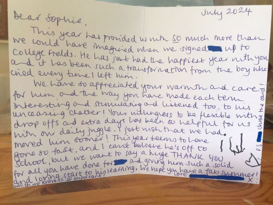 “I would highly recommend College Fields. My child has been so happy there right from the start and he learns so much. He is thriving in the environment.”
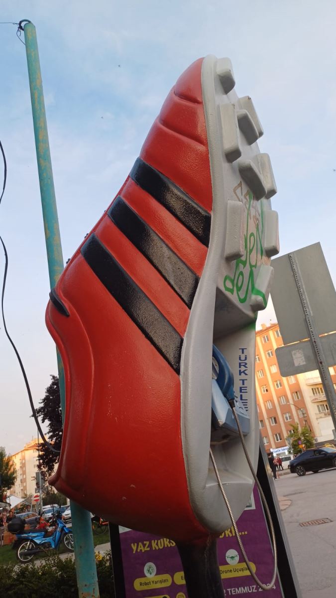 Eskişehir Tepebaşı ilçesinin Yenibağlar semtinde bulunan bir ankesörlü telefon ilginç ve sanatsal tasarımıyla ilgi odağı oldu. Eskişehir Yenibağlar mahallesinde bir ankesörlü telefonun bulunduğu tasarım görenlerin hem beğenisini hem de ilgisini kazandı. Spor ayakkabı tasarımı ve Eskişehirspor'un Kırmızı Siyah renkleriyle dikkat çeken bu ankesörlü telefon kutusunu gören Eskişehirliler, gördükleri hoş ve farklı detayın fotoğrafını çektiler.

...

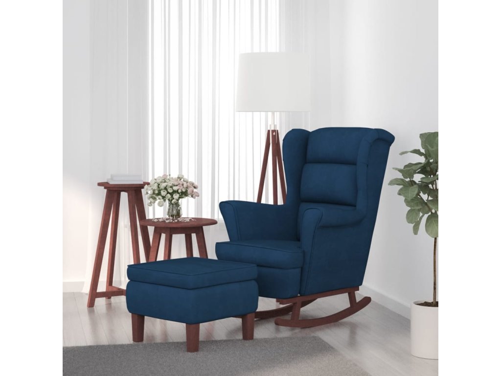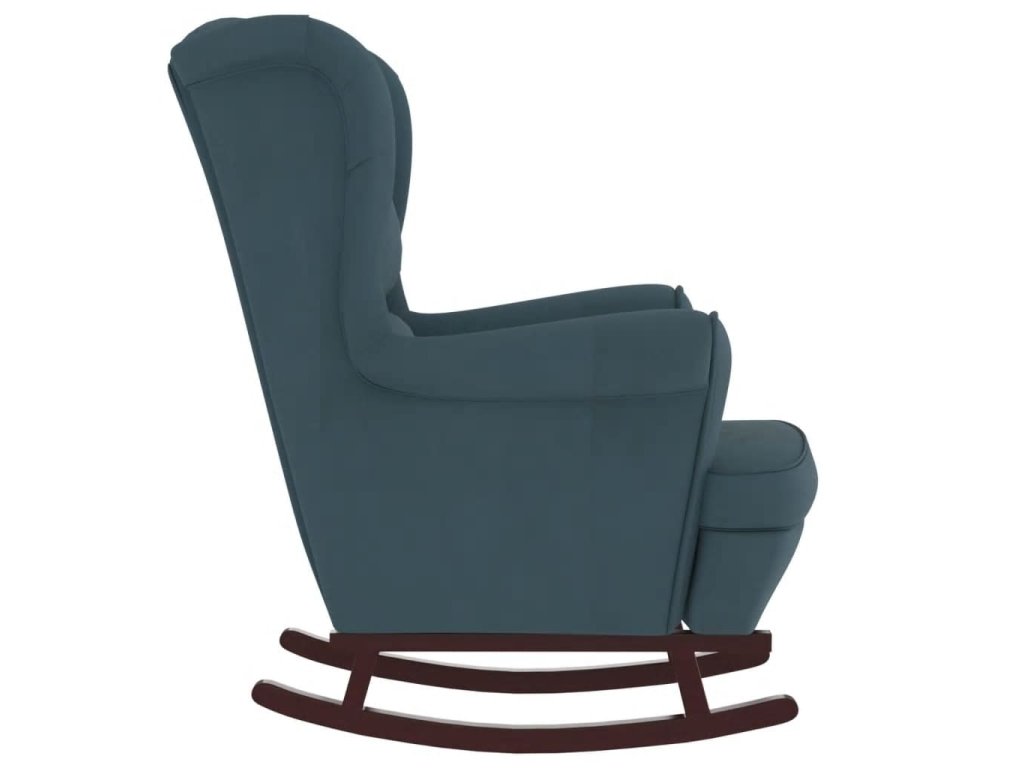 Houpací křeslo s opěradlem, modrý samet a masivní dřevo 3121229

==

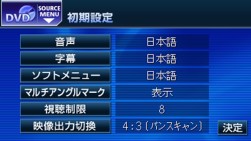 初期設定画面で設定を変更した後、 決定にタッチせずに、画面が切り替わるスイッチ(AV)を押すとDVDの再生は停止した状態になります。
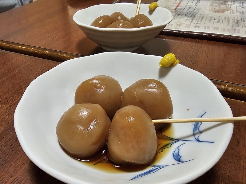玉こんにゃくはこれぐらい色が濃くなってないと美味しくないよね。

WORK TO COMPLETE ▸
Among the records above, locate the line containing "would highly recommend" and the line containing "Eskişehir Tepebaşı ilçesinin", then transcribe exactly the lines starting at the first and ending at the second, with no pictures.

SOLUTION TO THIS PROBLEM ▸
 “I would highly recommend College Fields. My child has been so happy there right from the start and he learns so much. He is thriving in the environment.”
 Eskişehir Tepebaşı ilçesinin Yenibağlar semtinde bulunan bir ankesörlü telefon ilginç ve sanatsal tasarımıyla ilgi odağı oldu. Eskişehir Yenibağlar mahallesinde bir ankesörlü telefonun bulunduğu tasarım görenlerin hem beğenisini hem de ilgisini kazandı. Spor ayakkabı tasarımı ve Eskişehirspor'un Kırmızı Siyah renkleriyle dikkat çeken bu ankesörlü telefon kutusunu gören Eskişehirliler, gördükleri hoş ve farklı detayın fotoğrafını çektiler.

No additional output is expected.